As the two waited on daylight, Matthew related everything he had heard or witnessed. As his story progressed, Danica concluded Erica was likely dead. A hunch confirmed when shortly after sunrise she discovered Erica on the curb leaning up against Donavan, a boy she barely knew, his body riddled with bullets. It was an odd fact, considering Wade didn’t have a gun. Did he lie, or did he run out of bullets after killing the kid?

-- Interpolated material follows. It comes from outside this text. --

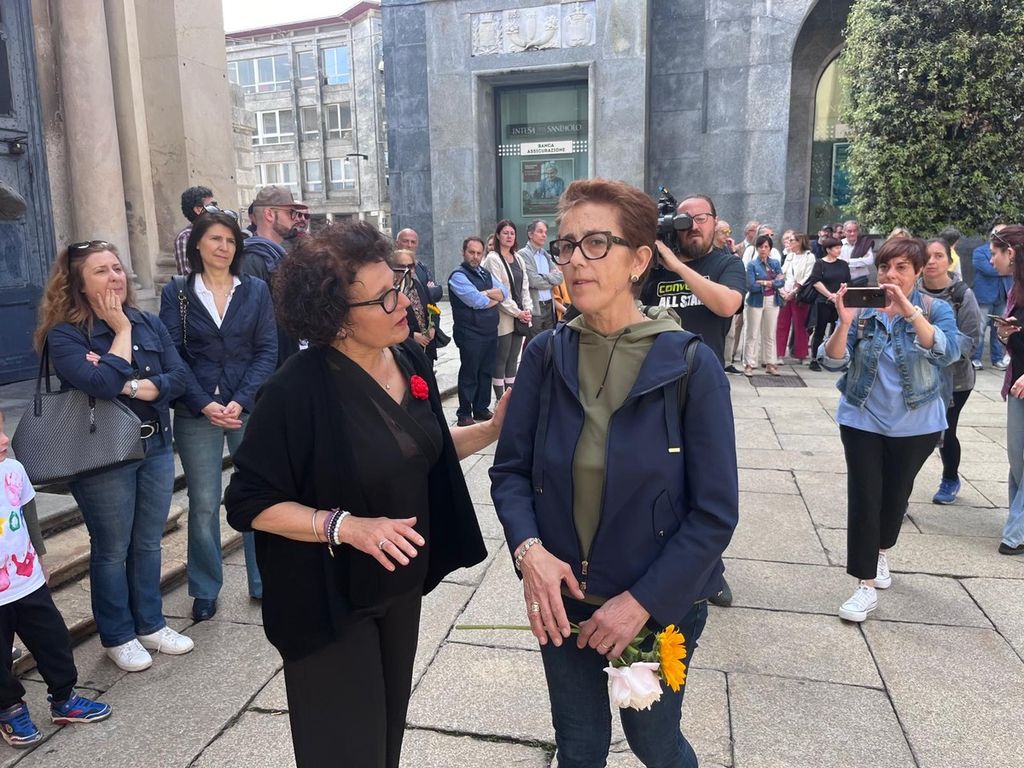 Il corteo passa sotto l'Arco Mera, entra in piazza San Vittore. Qui si dispone a cerchio, tutti si tengono per mano. Parte un applauso e Marta Criscuolo inizia a scandire ad alta voce "Forza Lavinia, forza Lavinia". La piazza risponde. Gli applausi e il coro sembrano non volere finire mai. E' il momento più emozionante, quello dell'amore e della solidarietà che vincono sulla violenza e sull'odio. Marta lo capisce. E finalmente sorride.

Danica added the contents of her breakfast to the waste already in the bedroom when she found Wade’s wife butchered in her bed and realized Wade had been insane long before the plague had spread its terror across the globe. Danica waited until Matthew recovered before telling him about his mother. That was two nights ago, and now it was time to see if she could determine what happened to her own family. She didn’t hold out hope. If her parents lived, a sudden ice age in hell couldn’t have stopped either from coming home. Despite the certainty, she needed closure. She could not plan her next move, whatever it was going to be until she at least tried to find out.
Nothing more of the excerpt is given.